Tesseract is an open source OCR engine that can recognize more than 100 languages (Chinese, English, Korean, Japanese, German, French, etc…), but the ability to write Tesseract opponents is poor.

1 installation

/ / install Tesseract installed at the same time brew install Tesseract / / --with-training-tools training tool to install Tesseract installed at the same time all languages, the language pack is relatively large, if a long time to install, not installed, according to brew install --all-languages Tesseract / / choose to install Tesseract, and install the brew install --all-languages language training tools and --with-training-tools Tesseract / / install only Tesseract.
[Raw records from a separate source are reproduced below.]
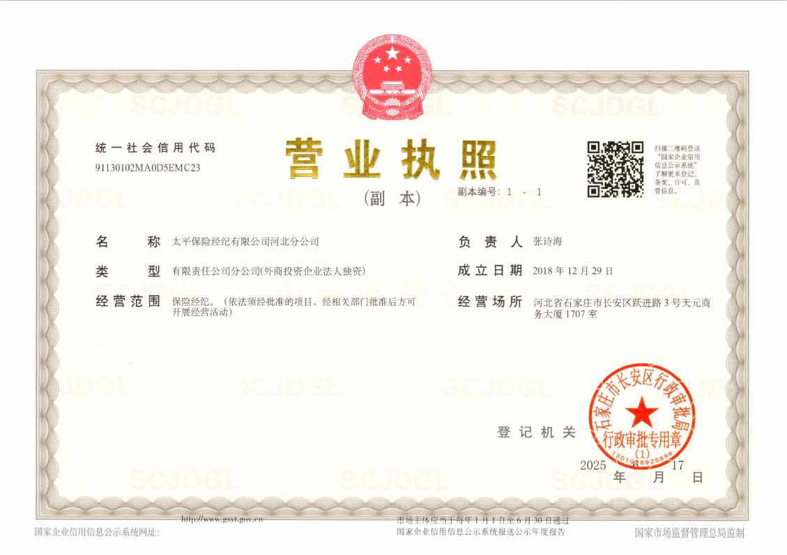 | 公司名称: | 太平保险经纪有限公司河北分公司 | ||||
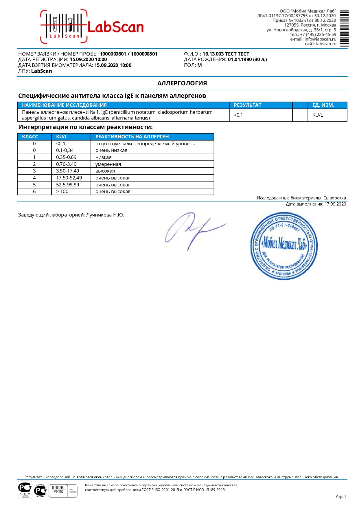 Панель аллергенов плесени № 1, IgE (penicillium notatum, cladosporium herbarum, aspergillus fumigatus, candida albicans, alternaria tenuis)
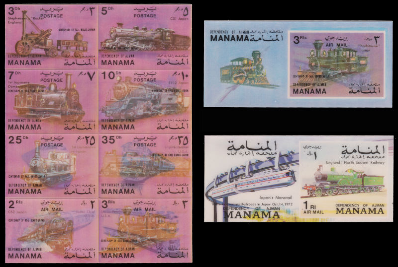 843 ★★   imageUAE Manama Ajman three-dimensional Stamps Locomotives set incl. MS. (Image)
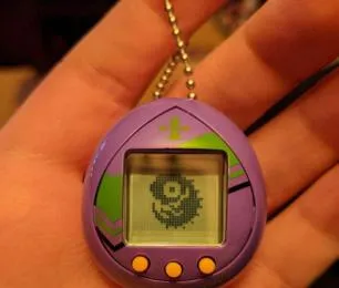 这个小蛋叫电子宠物,紫壳绿纹,屏幕里一只像笑又像哭的脸,按键三粒,指尖一戳就滴滴响,表弟拿着不肯放饭碗都忘了端,妈妈轻轻一敲桌子,说先喂你自己,再喂它。
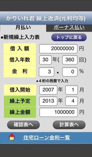 App Storeより引用「かりいれ君 繰上返済」はiPhone、iPod touch用の簡単に住宅ローン等(元利均等)の繰上返済 をシミュレーションするアプリです。分かりやすい画面で繰上返済の効果を確認する事ができます。
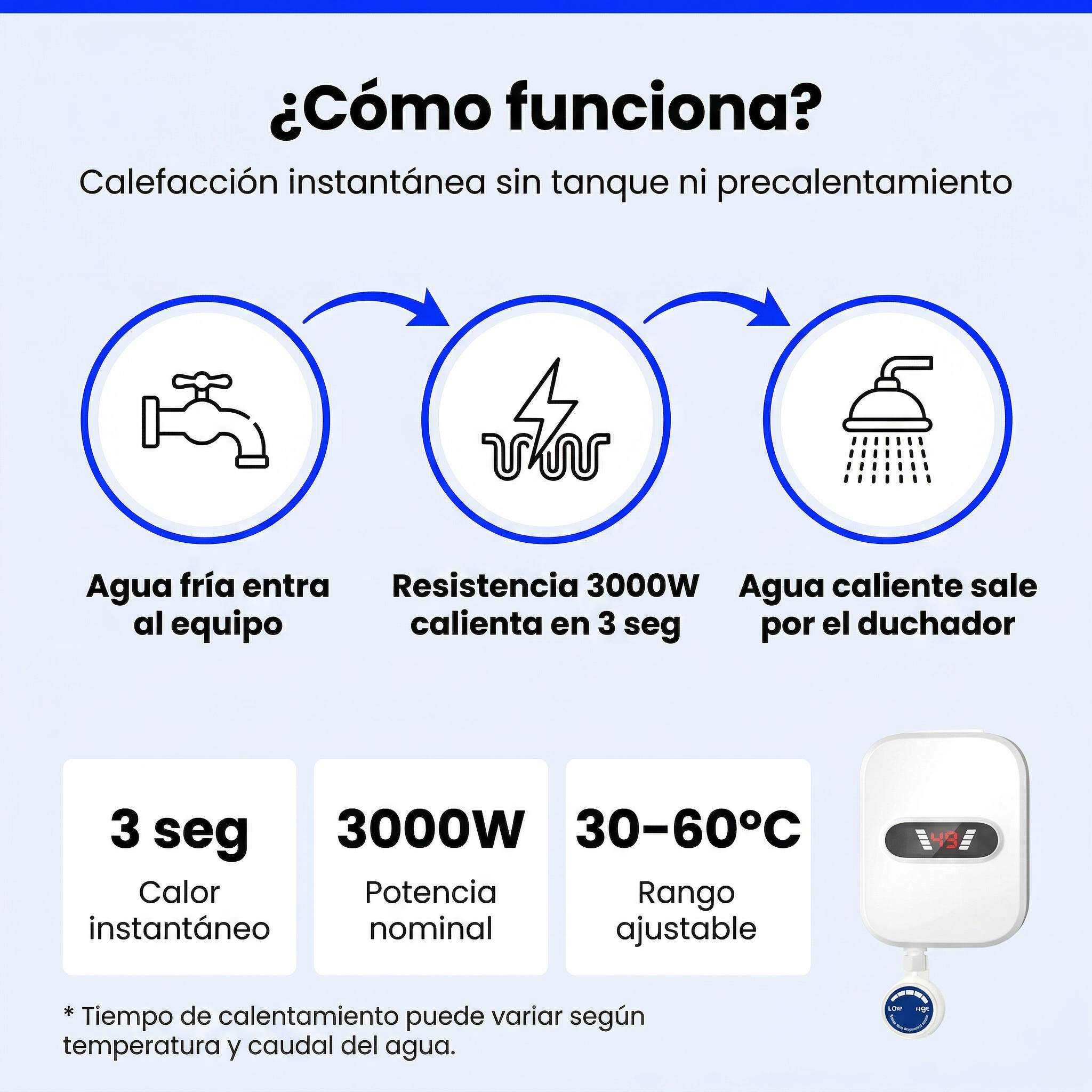 Tiempo de calentamiento puede variar según temperatura y caudal del agua.
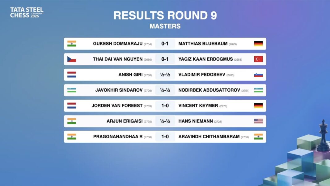 “I thought I’d never win a chess game again,” said GM Matthias Bluebaum after beating World Champion Gukesh Dommaraju with Black in round nine of the 2026 Tata Steel Chess Masters. GM Jorden van Foreest demolished GM Vincent Keymer in just 26 moves and is joined half a point behind leader GM Nodirbek Abdusattorov by 14-year-old GMÂ Yagiz Kaan Erdogmus, who outplayed GM Thai Dai Van Nguyen in time trouble. Defending Champion GM Praggnanandhaa Rameshbabu finally grabbed a first win, in an 84-move endgame grind against GM Aravindh Chithambaram.

Do not install the brew install Tesseract training tool

Reference document: http://khalsa.guru/posts/16

2 download language library

Download: https://github.com/tesseract-ocr/tessdata

According to the demand to choose their own language library, here we have chosen is simplified Chinese so the choice of the library is: chi_sim.traineddata
: to copy the file to the /usr/local/Cellar/tesseract/3.04.01_2/share/tessdata directory.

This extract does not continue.